К нему подходит другой его приятель. После задорных дружеских шуток посыпались приветствия, расспросы о здоровье.
– Слушай, угости-ка бетелем! – просит господин приятеля.
Но сам он мусульманин, а приятель его индуист.[73] И вот, когда разносчик подает им бетель, господин быстро забирает свою долю и говорит приятелю:
– А ты чего ж не берешь?
Тот смущен. Наконец достает из-за пазухи пайсу.
– Вот, братец. Дай и мне, – говорит он разносчику. – В бетель положи кардамона, а извести много не надо. – Потом обращается к другу: – Дайте хоть затянуться.
Но только он взялся за хукку, как разносчик сердито уставился на него. Пришлось сразу выпустить мундштук и опять лезть за пайсой.
Гаухар Мирза велел разостлать для нас ковер на берегу пруда. Там мы и расположились. Изредка вставали и прогуливались неподалеку, под деревьями.
На гулянье мы пробыли почти до полуночи. Потом решили, что пора уезжать. Расселись по своим паланкинам и вдруг видим – паланкин Хуршид стоит пустой. Бросились на поиски, но ее и след простыл. В конце концов, отчаявшись ее разыскать, мы вернулись домой. Услышав новость, Ханум принялась рвать на себе волосы. Весь дом всполошился. Я сама проплакала всю ночь напролет. Послали человека за Пьярэ- сахибом. Он, бедняга, сразу же прибежал и принялся клятвенно заверять нас:
– Мне ровно ничего не известно! Я и на гулянье-то не ходил. У меня жена нездорова – как я пойду?

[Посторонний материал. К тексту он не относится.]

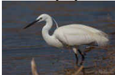
Little Egret, Asprokremmos Dam, 12 th May.

Впрочем, подозревать Пьярэ-сахиба было нелепо. Никто и не усомнился в том, что он говорит правду. Ведь, женившись, он всецело подпал под власть супруги и совершенно перестал появляться на Чауке. Даже поздно вечером он не смел выходить из дому. Но, услыхав об исчезновении Хуршид, он, то ли памятуя о прежней любви, то ли из сочувствия к Ханум, все же как-то отважился выбраться к нам.
Через полтора месяца после того, как исчезла Хуршид, ко мне явился какой-то господин, с виду очень похожий на городских щеголей, смуглый и худощавый. Одной шалью он был подпоясан, другую носил на голове, повязанную в виде чалмы. Он решительными шагами вошел в мою комнату и сразу же сел против меня на краю ковра. Из этого я заключила, что он либо человек невоспитанный, либо попросту еще не опытен и мало общался с танцовщицами. Я тогда сидела одна и потому кликнула буву Хусейни. Как только она вошла, гость поднялся, без всякого стеснения взял ее за руку и, отведя в угол, стал говорить ей что-то. Мне удалось уловить лишь часть разговора. Затем бува Хусейни отправилась к Ханум и, вернувшись, снова начала переговоры с гостем. Она настаивала на том, чтобы он заплатил за месяц впереди Гость вытащил из-за пазухи пригоршню рупий. Бува Хусейни подобрала край своего покрывала, и я услышала звон упавших туда монет.
– Сколько здесь? – спросила она.
– Не знаю. Сосчитайте, – ответил тот.
– Я, глупая, и считать-то не умею.
– Должно быть, семьдесят пять рупий. Может быть, на одну-две больше или меньше.
– Господин, что значит семьдесят пять?
– Три раза по двадцать[74] и еще пятнадцать. Сто без двадцати пяти.
– Сто без двадцати пяти! Так это выходит за сколько же дней?
– За пятнадцать. Завтра отдам за остальные пятнадцать. Вот и получатся все полтораста.
Услышав, что за меня дают столь скромное вознаграждение, я почувствовала сильную досаду. Теперь я окончательно уверилась, что этот гость – не из важных господ. Но такова уж подневольная доля танцовщицы. Она в чужой власти и должна покоряться.
Бува Хусейни ушла передать деньги Ханум. Не понимаю, что за благодушное настроение было в тот день у нашей хозяйки, – она без лишних слов согласилась подождать до следующего дня. Это было тем более удивительно, что в денежных делах она даже самым знатным вельможам не давала отсрочки ни на минуту. А тут вдруг соблаговолила ждать целые сутки.
После того как сделка состоялась, посетитель остался у меня на ночь. Под утро мне почудилось, будто кто-то постучал внизу под моей комнатой. Гость быстро поднялся и сказал:
– Теперь мне пора. Завтра вечером приду опять.